- **EXERCISE BRIEF**: With the line containing "上周日,在The Lodge Card" as the final line, restate exactly every line of the data below from the first one onward, and copy no pictures.

- **SUPPLIED INFORMATION**:
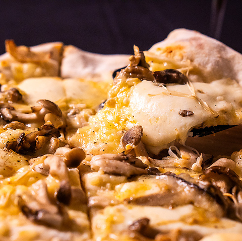 濃厚なトリュフと香ばしいキノコの相性が抜群の一品!贅沢な味わいをお楽しみください。ピザ生地も職人がこだわりを持って手作りし、外はサクサク、中はもちもちの食感が自慢です。ランチタイムやディナータイム、お食事にもピッタリの逸品です。
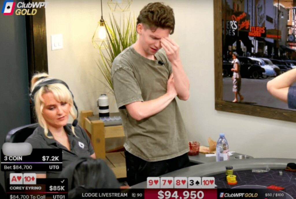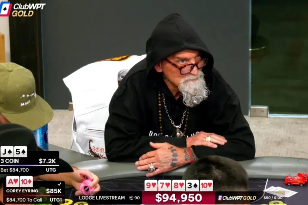 上周日,在The Lodge Card Club举办的$50/$100常规局游戏中,Eyring陷入了一场让他全部身家岌岌可危的噩梦。
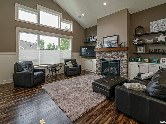 Accepted Offer with Contingencies. Newer home in established Stayton neighborhood. Gorgeous kitchen with DCS appliances and quartz countertops throughout. Laminate floors, stone wrapped gas fireplace, natural lighting from all of the windows and vaulted ceilings in the living room. Beautiful case work throughout and a large master bathroom that boasts his and her sinks, dual head walk in shower and a jetted stand alone tub. Enjoy the large back yard from the covered porch. Enjoy a 12x24 finished storage room. This home is a must visit.

- **RESPONSE FOR THIS EXERCISE**:
 濃厚なトリュフと香ばしいキノコの相性が抜群の一品!贅沢な味わいをお楽しみください。ピザ生地も職人がこだわりを持って手作りし、外はサクサク、中はもちもちの食感が自慢です。ランチタイムやディナータイム、お食事にもピッタリの逸品です。
 上周日,在The Lodge Card Club举办的$50/$100常规局游戏中,Eyring陷入了一场让他全部身家岌岌可危的噩梦。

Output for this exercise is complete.